Ing. Alejandro Medina on English as a Senior Skill
Expanding Ing. Alejandro Medina's post on how English levels increasingly shape junior, mid, and senior software careers.
Ing. Alejandro Medina recently shared something that caught my attention because it is both funny and uncomfortably true. He wrote:
Antes para programar necesitabas saber varios lenguajes de programación ahora :
Junior = inglés A1
Middle = Inglés B1
Senior = inglés C1- C2
In a few lines, he reframed a big shift in our industry. It used to feel like career growth was mainly about collecting programming languages and frameworks. Now, in many teams, the differentiator is whether you can work effectively in English.
I want to expand on what Ing. Alejandro Medina is pointing at, not as a judgment of talent, but as a reality of modern software work. If you have ever felt like you are doing great technically but struggling to advance because of communication, this is for you.
The joke works because the workplace changed
When Medina maps junior, mid, and senior to A1, B1, and C1-C2 English levels, he is not saying code quality depends on grammar. He is highlighting that the scope of your job expands as you gain seniority:
- Junior developers often work on well-defined tasks with close guidance.
- Mid-level developers coordinate more, ask better questions, and contribute to planning.
- Senior developers influence decisions, align stakeholders, and mentor across teams.
As your scope expands, so does the amount of communication you must do, and in many global companies the default language is English.
The higher you go, the more your job becomes: explain, align, negotiate, document.
Why English matters more than ever in software
Several trends make Medina's point feel sharper in 2026 than it did a decade ago.
Remote and distributed teams are the default
Even if you work locally, your company might have:
- a product manager in the US
- a designer in Europe
- a QA team in LATAM
- an infra team in India
One shared language is the simplest coordination mechanism.

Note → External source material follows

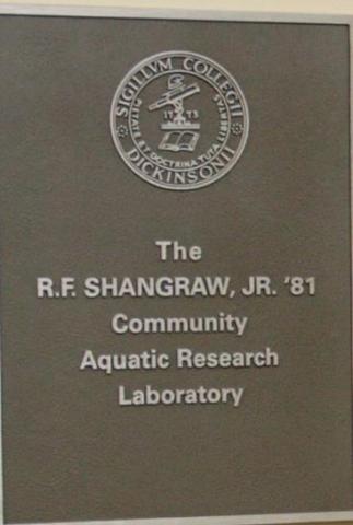 The R.F. Shangraw, Jr. '81 Community Aquatic Research Laboratory is used as part of the Allarm Program. This bronze plaque is located in Kaufman Building (Room 124C). The lab was dedicated on June 9, 2001.

Like it or not, it is usually English.
Most technical knowledge is written in English first
Docs, RFCs, GitHub issues, release notes, research papers, and conference talks often appear in English before they are translated (if they are translated at all). If you can read and write comfortably, you learn faster and contribute earlier.
Senior impact is measured in decisions, not tasks
At senior levels, the hard part is rarely the syntax. It is choosing the right tradeoff and getting buy-in:
- What problem are we solving?
- What are the constraints?
- What is the rollout plan?
- What are the risks and mitigations?
Those conversations are language-heavy. That is why English can feel like a career accelerator or a ceiling.
Interpreting the A1, B1, C1-C2 ladder in practical terms
Medina used CEFR levels, which are common in language learning. Let us translate those levels into what they often look like at work.
Junior: A1 does not mean incapable, it means supported
An A1 level is basic. In a software context, a junior with limited English can still thrive if the environment supports them.
Typical strengths at this stage:
- strong coding fundamentals in their primary language
- ability to follow tickets and implement scoped changes
- learning quickly by imitation
Common friction points:
- reading long documentation
- understanding fast meetings
- asking questions with the right context
What helps juniors most:
- Asking for written instructions and summaries
- Using templates for questions (Context, What I tried, What I expected, What happened)
- Writing short daily updates in simple English
Junior goal: be understandable, not perfect.
Middle: B1 is where collaboration becomes visible
A B1 level is functional. This is often where you can participate reliably but still feel tired after meetings.
At mid-level, your job begins to require:
- clarifying requirements
- negotiating scope
- reviewing PRs with meaningful comments
- writing documentation that others can follow
This is also the level where small communication improvements produce big career benefits. The difference between a mid engineer who codes well and one who codes well and communicates clearly is massive.
Practical B1 upgrades that pay off:
- Learn the language of tradeoffs: performance, maintainability, reliability, compliance, cost
- Practice structured writing: problem, options, recommendation
- Repeat back decisions in meetings: So we agreed to X by Friday, and Y is out of scope
Middle goal: reduce ambiguity for everyone else.
Senior: C1-C2 is about leadership through language
When Medina says senior equals C1-C2, the deeper point is this: senior engineers lead with clarity.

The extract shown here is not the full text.